Metadata-Version: 2.4
Name: datascreeniq
Version: 1.0.1
Summary: Real-time data quality screening API — PASS / WARN / BLOCK in under 10ms
Home-page: https://datascreeniq.com
Author: DataScreenIQ
Author-email: app@datascreeniq.com
License: MIT
Project-URL: Homepage, https://datascreeniq.com
Project-URL: Documentation, https://datascreeniq.com/docs
Project-URL: Source, https://github.com/datascreeniq/datascreeniq-python
Requires-Python: >=3.8
Description-Content-Type: text/markdown
Requires-Dist: requests>=2.28.0
Provides-Extra: pandas
Requires-Dist: pandas>=1.3.0; extra == "pandas"
Provides-Extra: excel
Requires-Dist: openpyxl>=3.0.0; extra == "excel"
Provides-Extra: all
Requires-Dist: pandas>=1.3.0; extra == "all"
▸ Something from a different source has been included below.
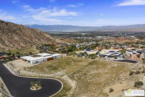 Set high in the dramatic foothills above Rancho Mirage, 44 Rim Crest presents a rare opportunity to acquire one of the most elevated homesites within Mirada Estates, a prestigious guard-gated enclave of luxury estate residences. Positioned on the highest street in the community, the lot enjoys unobstructed panoramic views that sweep across Rancho Mirage and the entire Coachella Valley, extending to the northern mountain ranges and illuminated city lights below. From sunrise to sunset, the setting captures expansive desert skies and a remarkable sense of scale rarely found in the valley. Mirada Estates is uniquely affiliated with the nearby Ritz-Carlton Rancho Mirage, offering residents access to the resort's world-class amenities along with preferred privileges and discounts on dining and spa services. This exceptional connection allows homeowners to enjoy the privacy of a secluded hillside estate while having resort-level services just moments away. This offering is for the vacant lot, with a remarkable architectural concept available separately for purchase. The proposed residence was designed by acclaimed architect Lance O'Donnell, FAIA, of o2 Architecture, whose work continues the region's celebrated legacy of desert modernism. Importantly, the architectural plans have already been approved by both the Mirada Estates HOA and the City of Rancho Mirage, providing a significant advantage for a future owner ready to begin construction. The conceptual design envisions approximately 7,633 square feet of interior living space, including a three-bedroom main residence with a den and three-and-a-half bathrooms, centered around an expansive great room and seamless indoor-outdoor living oriented toward the valley views. The plans also include a separate two-bedroom guesthouse with two bathrooms, thoughtfully positioned for privacy and featuring its own driveway and dedicated parking area. Parking and access have been carefully considered, with the main residence designed to include a three-car garage plus a dedicated golf cart garage, along with a two-car carport for additional covered parking. A detached fitness pavilion is also incorporated into the design, creating a private wellness retreat integrated into the surrounding desert landscape. Inspired by the modernist tradition of architects such as Albert Frey, E. Stewart Williams, and William F. Cody, the design emphasizes sustainability, orientation, and harmony with the desert environment. The architectural plans for the proposed residence are available for separate purchase, providing buyers with the opportunity to create an extraordinary custom estate on one of the most spectacular view homesites in Rancho Mirage.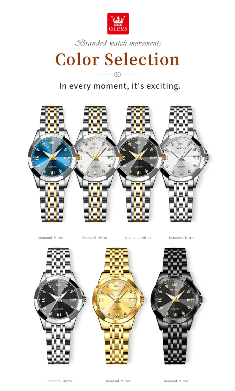 Elevate your everyday style with this Automatic Stainless Steel Women’s Watch, designed for modern women who appreciate a perfect balance of luxury, durability, and elegance. Featuring a distinctive rhombus-shaped mirror dial, this timepiece stands out with its unique geometric charm and refined aesthetic.

Requires-Dist: openpyxl>=3.0.0; extra == "all"
Dynamic: author
Dynamic: author-email
Dynamic: home-page
Dynamic: requires-python

# DataScreenIQ Python SDK

[![PyPI version](https://badge.fury.io/py/datascreeniq.svg)](https://pypi.org/project/datascreeniq/)
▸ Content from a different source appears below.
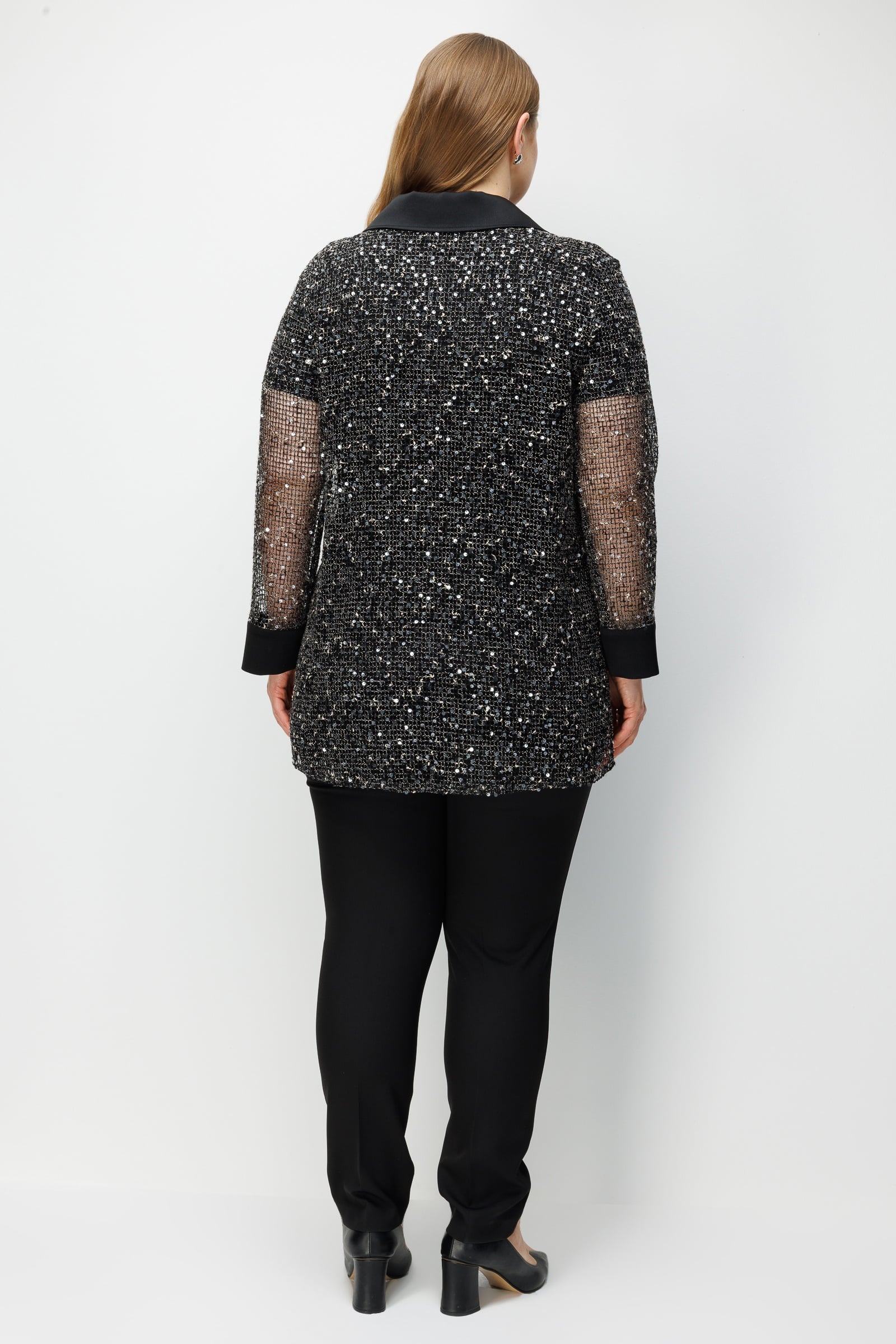 Kollarda modern ve feminen bir transparanlık yaratan File Doku ve kumaşla bütünleşen payet detayları.

[![Python 3.8+](https://img.shields.io/badge/python-3.8+-blue.svg)](https://python.org)
[![License: MIT](https://img.shields.io/badge/License-MIT-green.svg)](https://opensource.org/licenses/MIT)

Real-time data quality screening at the edge. Screen any data payload and get **PASS / WARN / BLOCK** in under 10ms.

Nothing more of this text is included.